Before starting the Airflow services, it's necessary to initialize its database. You can do this by running the following command:
$ docker-compose up -f docker-compose.dev.yaml up airflow-init
This command specifically targets the airflow-init service within the docker-compose.dev.yaml file, which is responsible for initializing the database.
Once the database is initialized, you can proceed to start all the services, including the webserver, scheduler, and any other services defined in your docker-compose.dev.yaml file:
$ docker-compose up -f docker-compose.dev.yaml up
After executing this command, your Airflow services should be up and running.

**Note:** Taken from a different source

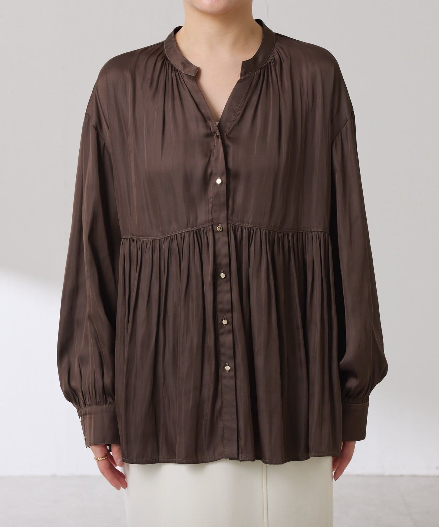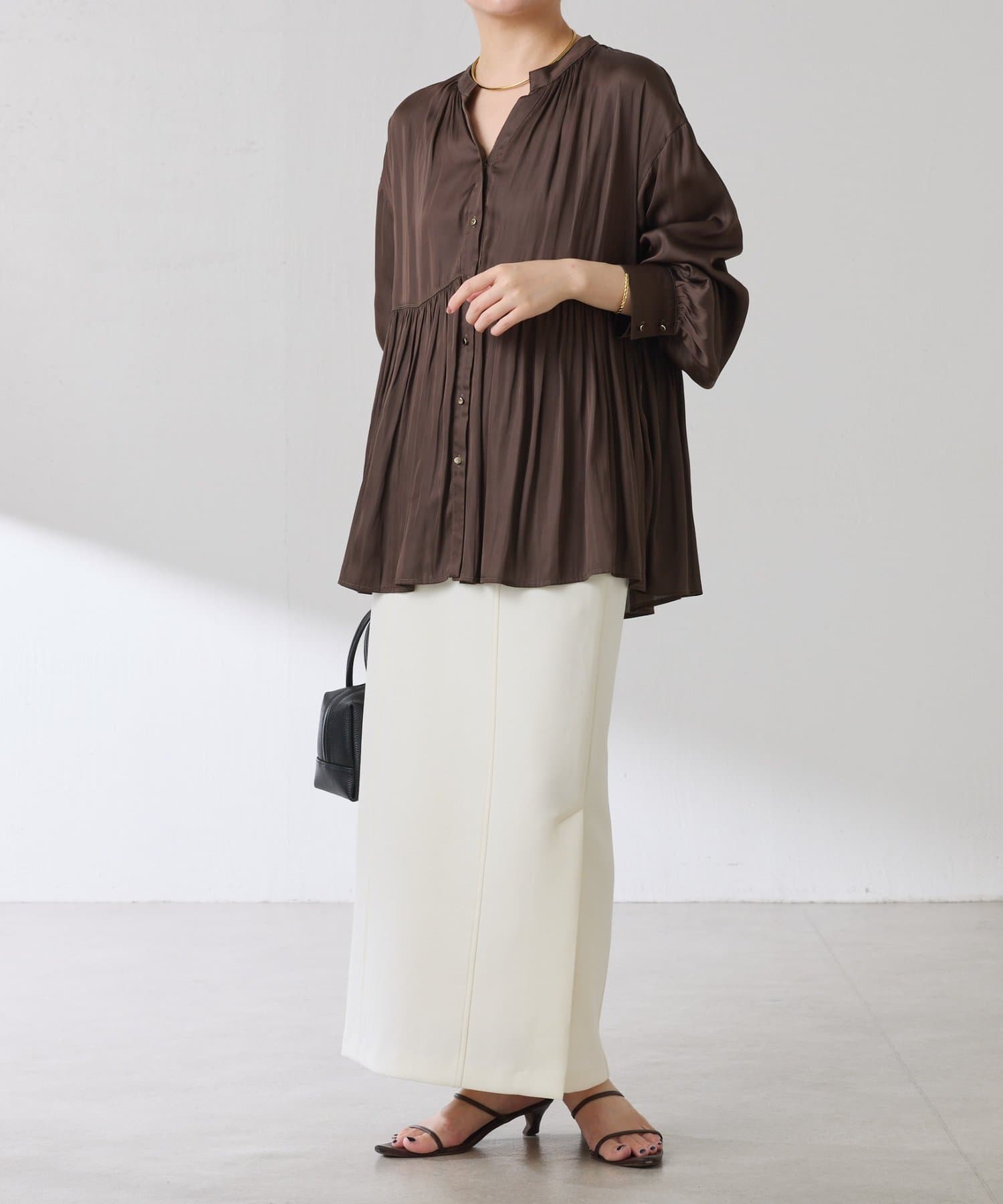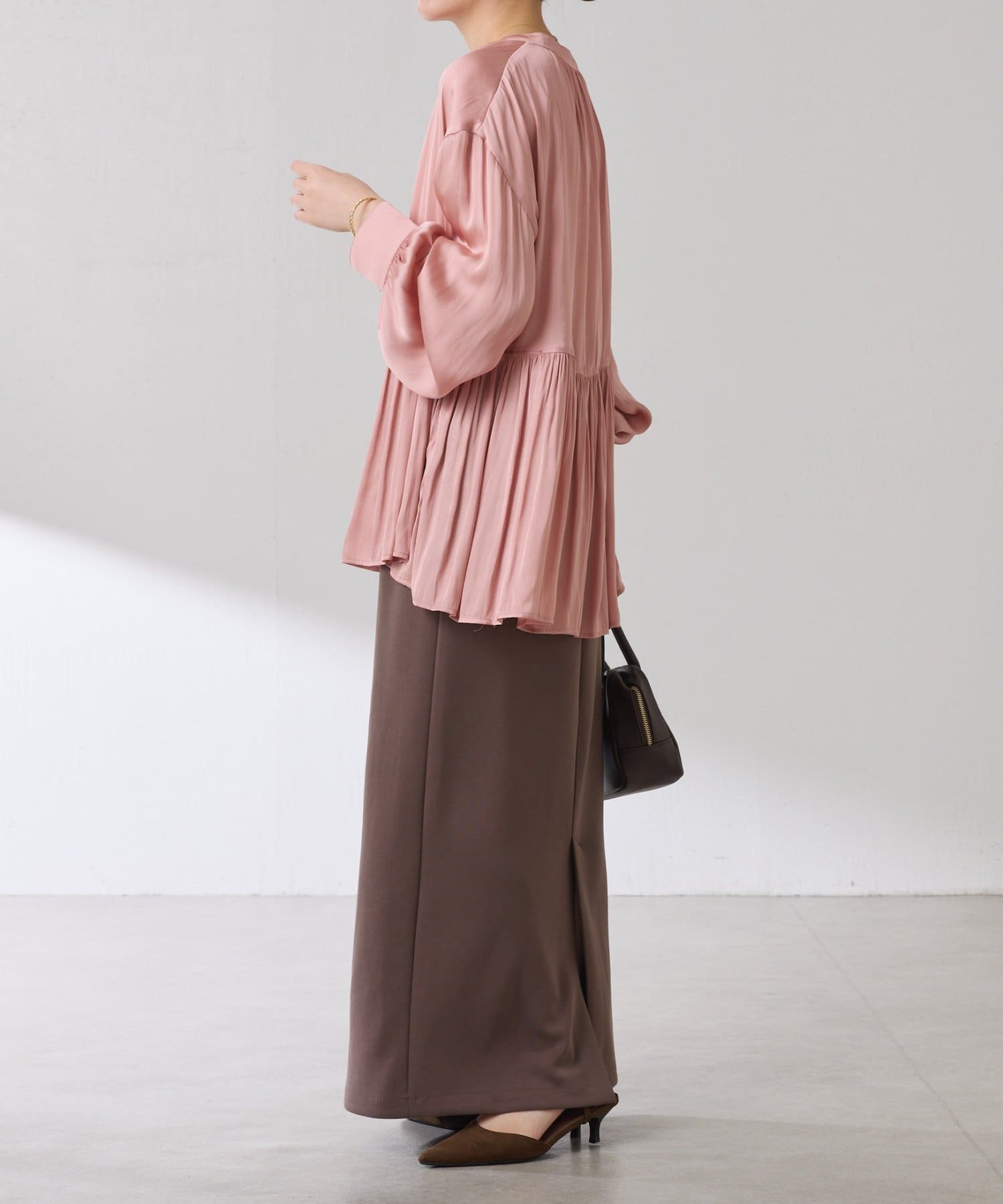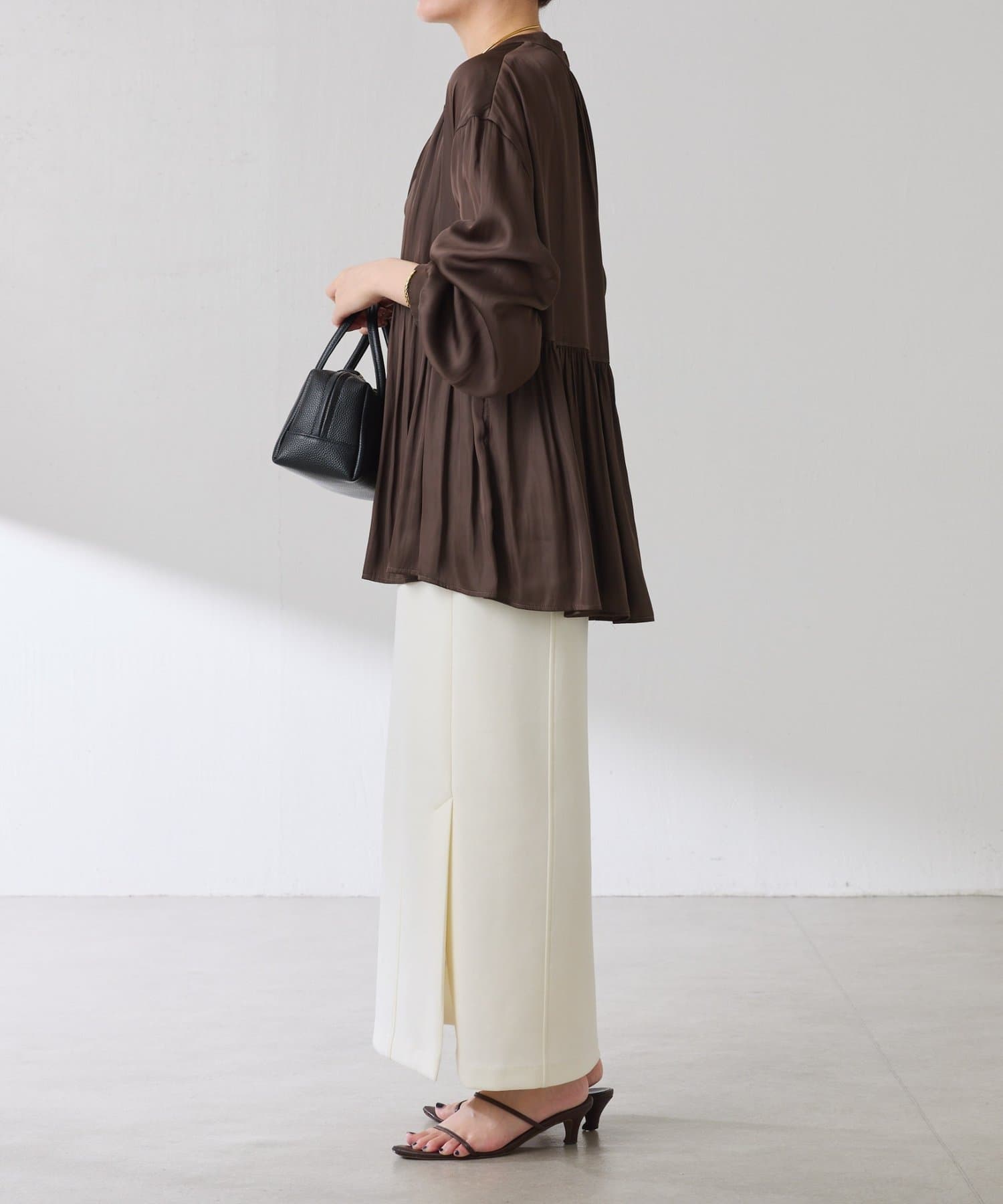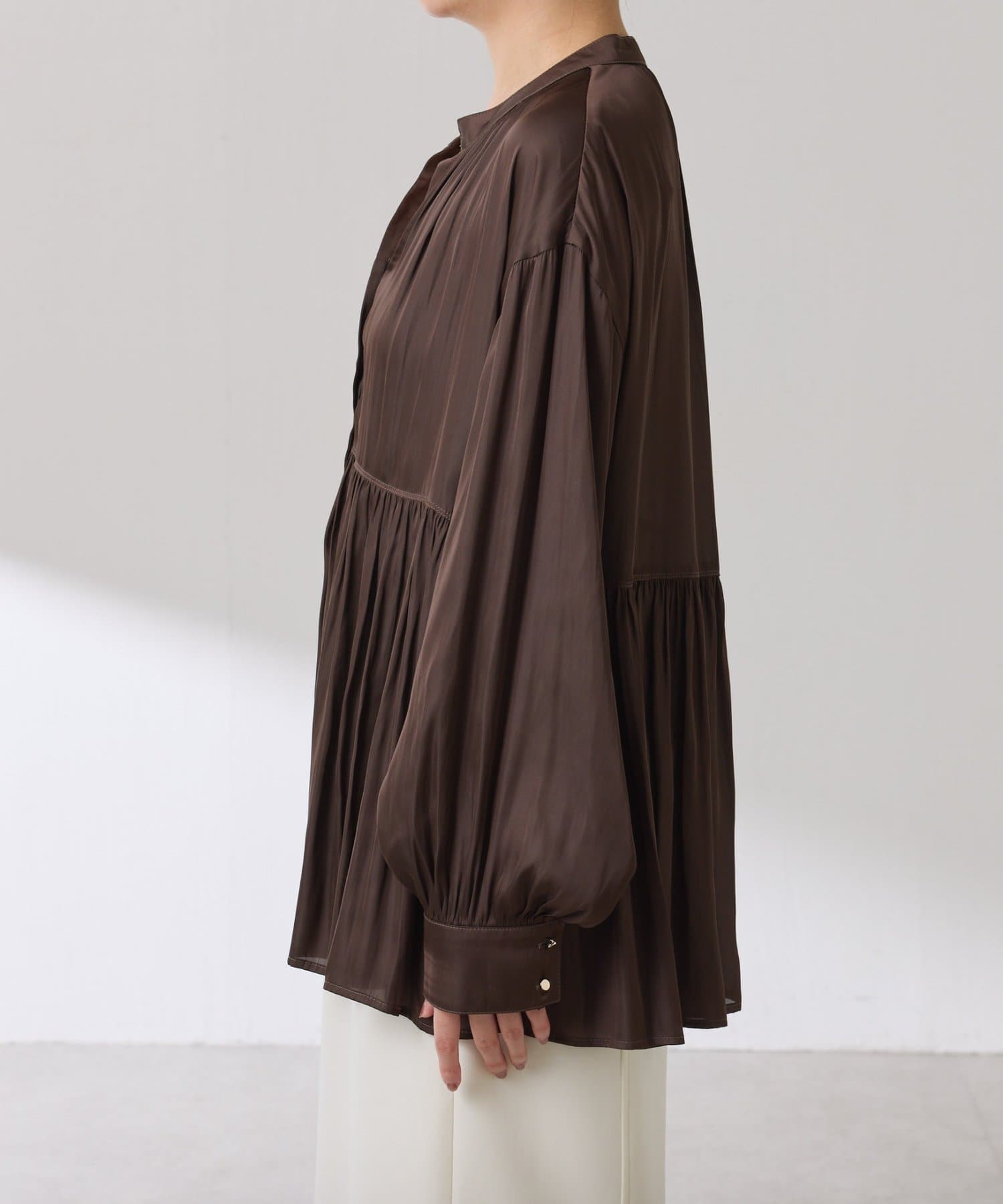 ・繊細な光沢感と柔らかな風合いが魅力のサテンブラウス。

You can then access the Airflow web interface via your browser.
Note: the docker-compose.prod.yaml is the same but the configuration works with a already existing Postgresql DB running in a docker container, all you have to do is update the default docker network and connection strings with your own
The Dockerfile is built upon the official Apache Airflow image version 2.7.1. It customizes the base image by adding the following:
- Firefox Installation:
-
The Dockerfile-driver creates a image for creating a container w/ Firefox and the Geckodriver
-
This allows the Airflow DAGs to use this container as a brower for web scraping with Selenium
Note: The Dockerfile is grabing the aarch-64 version of the driver which works with arm64v8 architecture so if you are using a different architecture update the Dockerfile
$GECKODRIVER_VERSION-linux-aarch64.tar.gz
Selenium Grid can't properly render map elements making some web scraping not possible with it but this configureation will allow you to interact with those elements
- Additional Python Dependencies:
- The Dockerfile assumes that there's a requirements.txt file in the same directory as the Dockerfile.
- This requirements.txt file contains a list of additional Python packages that are required for the Airflow instance.
- The Dockerfile copies this file into the container and installs the Python packages listed in it using pip.
- This customized image is ideal for Airflow workflows that require the use of a browser (e.g., for web scraping tasks) and have specific Python package dependencies.
This project consists of Python scripts that scrape and collect data about house listings, including their prices, from a website.
- SQLAlchemy models for house listings and their price histories.
- Utility functions to extract and format house listing data.
- Web scraping capability for collecting real-time data from a housing website.
- Data insertion into a database.
- SQLAlchemy: For ORM-based database interactions.
- ChromeDriver: For controlling the Chrome web browser.
- Selenium: For automating the web browser.
-
HouseListing:
- Address (Composite Primary Key)
- City (Composite Primary Key)
- State (Composite Primary Key)
- Zip (Composite Primary Key)
- Beds
- Baths
- Sqft
-
PriceListing:
- Transaction ID (Primary Key)
- Address (Composite Foriegn Key)
- City (Composite Foriegn Key)
- State (Composite Foriegn Key)
- Zip (Composite Foriegn Key)
- Price
- Date